PISTOIA. Il rischio, c’è ed è tangibile. I drammi sono altri, certo, ma se nel 2018 piazza del Duomo non dovesse ospitare la 39esima edizione del Festival Blues, la città, qualcosa, perderebbe. Di consistente. E non solo da un punto di vista musicale, culturale, spettacolare. Pistoia senza il Festival Blues è come Siena senza Palio, senza temere di oltrepassare ogni ragionevole sorta di esagerazione. Molti pistoiesi, sposati e con bimbi grandicelli, non erano ancora nati quando la città ospitò il battesimo (14 luglio 1980). Non vi faremo adesso l’elenco dei Musicisti (la maiuscola è d’obbligo) che hanno impreziosito, in questi trentasette anni, il palcoscenico della manifestazione: ci sono passati praticamente tutti, salvo qualche rarissima eccezione. L’eventuale anno sabbatico (nella migliore delle sciagure) va scongiurato in tutti i modi, perché se si materializzasse, creerebbe un pericoloso precedente.

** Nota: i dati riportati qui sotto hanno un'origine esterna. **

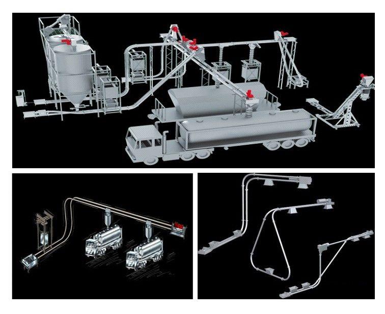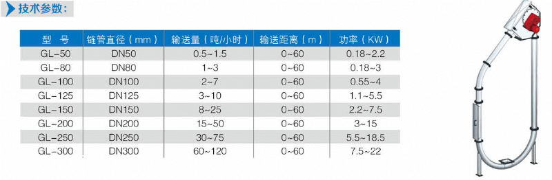 在密閉管道內,以鏈片為傳動構件帶動物料沿管道運動。當水平輸送時,物料顆粒受到鏈片在運動方向的推力,就隨鏈片向前運動,形成穩定的料流;當垂直輸送時,管內物料顆粒受鏈片連續向上的推力,阻止了物料下滑,并產生了橫向側壓力,增強了物料的內摩擦力,當物料間的內摩擦力大于物料與管內壁外摩擦力及物料自重時,物料就隨鏈片向上移動,形成連續料流。粉體物料可在三維空間內沿封閉管道直線移動或改變方向;水平輸送距離可達60米,垂直輸送距離可達到30米。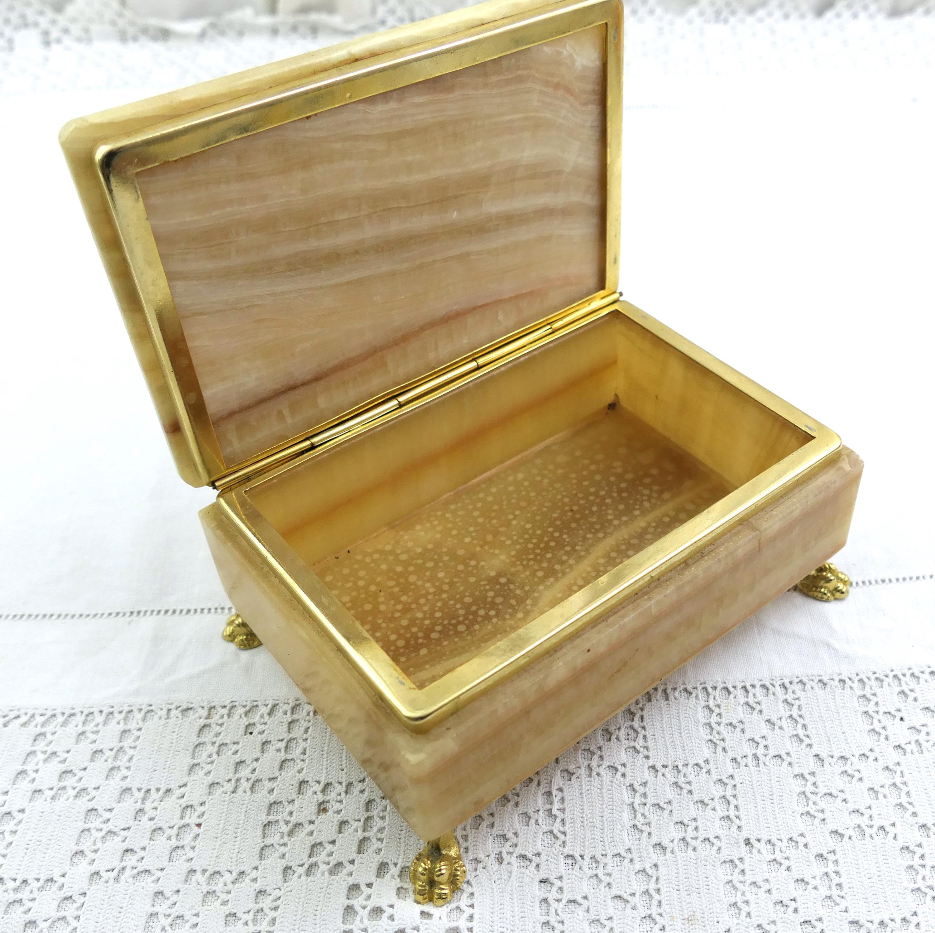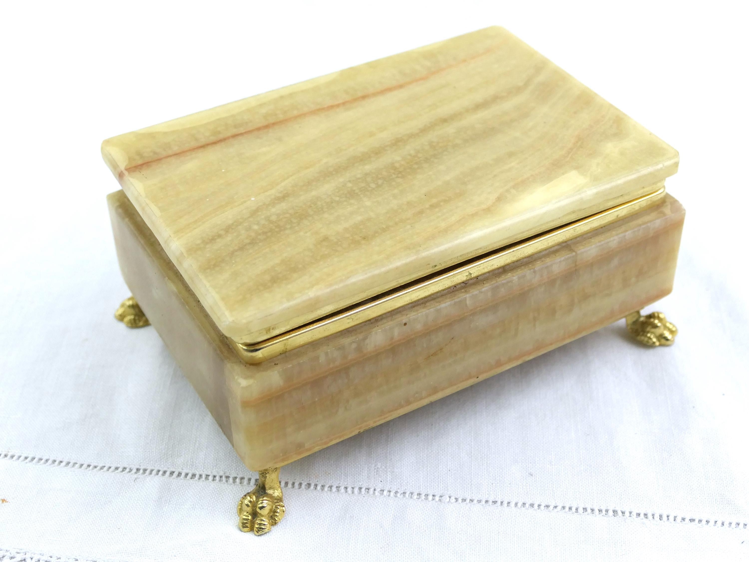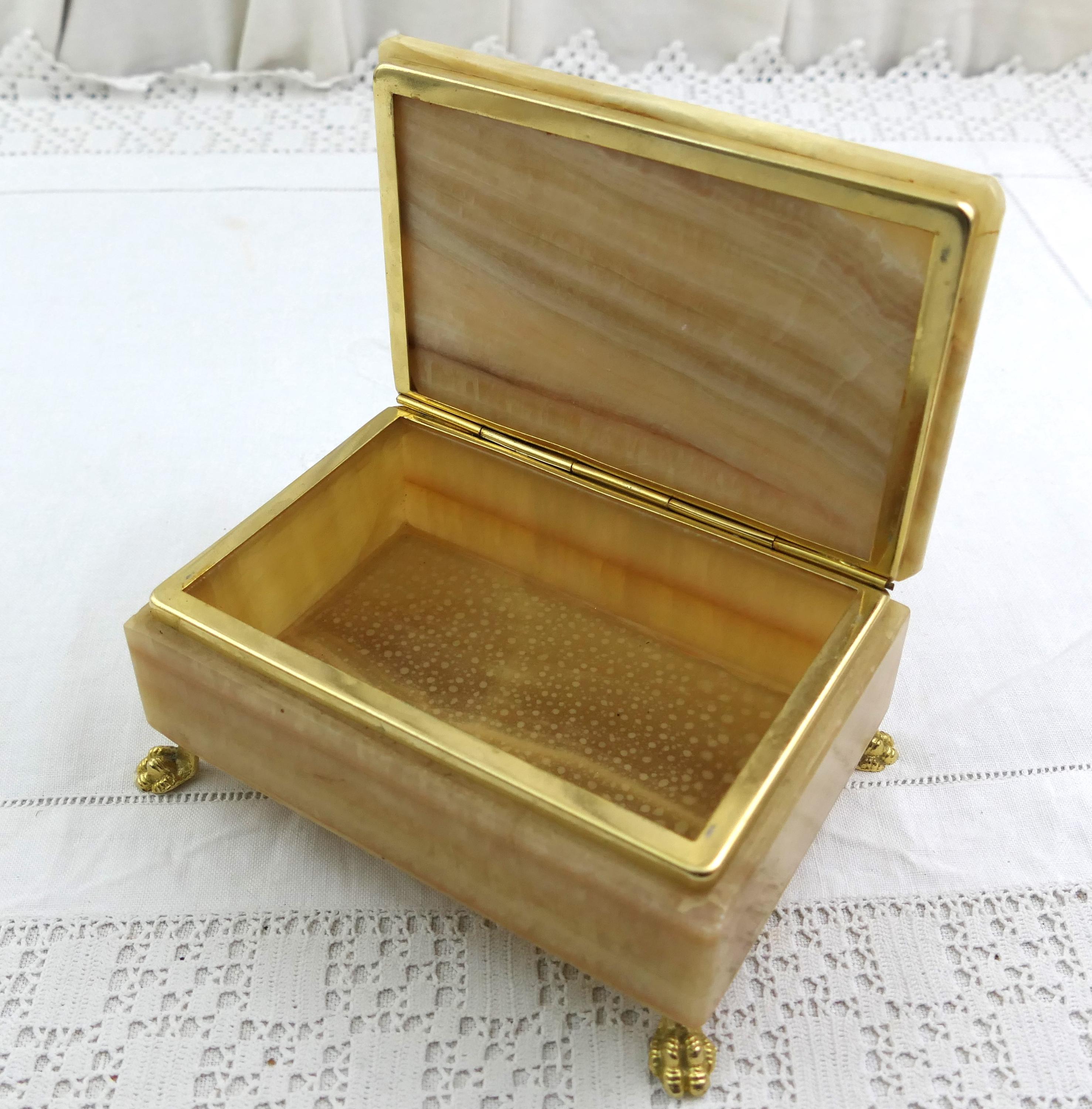 Vintage Italian veined green and brown agate stone trinket box with 4 feet and rounded lid. Made in Italy. Ca 1970s.

I fatti sono noti. L’Amministrazione comunale - in perfetta discontinuità con quelle dei settant’anni precedenti -, appena insediata, ha deciso di fare un bando – ci dicono non proprio esemplare – per affidare la gestione del Festival. Bando che ha ottenuto una sola proposta, che la triade esaminatrice ha valutato inidonea. Dunque: tutto sbagliato, tutto da rifare. Un Festival, però, soprattutto uno così prestigioso come quello di Pistoia, non si può organizzare dal tramonto all'alba; occorre pianificarlo accuratamente, per una serie innumerevole di dettagli che sono facilmente immaginabili. Giovanni Tafuro e la sua dinastia, rispettivamente direttore artistico e componenti lo staff della manifestazione dal 1985, all’annunciazione del bando, che hanno disertato, si sono fatti da parte e si sono messi alla finestra, aspettando l’evolversi della situazione. “Abbiamo preso atto delle intenzioni della nuova Amministrazione – racconta l’art director del Blues’In – e abbiamo deciso di farci da parte, in attesa di sviluppi. Ovviamente, la nostra vita artistica prosegue, con altre manifestazioni organizzate altrove e per le quali, nel giro di breve, potremmo già fare e dare qualche interessante anticipazione. Pistoia resta e resterà per sempre il nostro indelebile fiore all’occhiello, un prestigio del quale ci fregiamo, ma verso il quale non possiamo e non vogliamo incarognirci a tutti i costi”. Il nostro augurio, che foraggiamo da tempi non sospetti, è che Tafuro, o chi per loro, non depredino quella meravigliosa piazza sottraendo, a luglio, il palcoscenico del Festival, che crediamo abbia ragione di esistere per tre giorni e con tutti gli effetti collaterali inclusi: mercatino, prima di ogni altra cosa, workshop e tutte le derivazioni della rassegna musicale, casomai anche con un ostello, non necessariamente per giovani, ma a prezzi abbordabili (ci si sarebbe dovuto pensare almeno vent’anni fa, vero Scarpetti-Scarpetti, Berti-Berti, Bertinelli?), in grado di ospitare quella fetta di pubblico che a Pistoia verrebbe volentieri a passare un fine settimana, anche senza l'appellativo, sempre più sconsiderato, di capitaledella Cultura. Con artisti degni di quella piazza, di quel Festival, di quella storia. Perché di Festival bar, non sapremmo che farcene; anzi, un Festival che non ricalchi la scia dei precedenti, non lo vogliamo!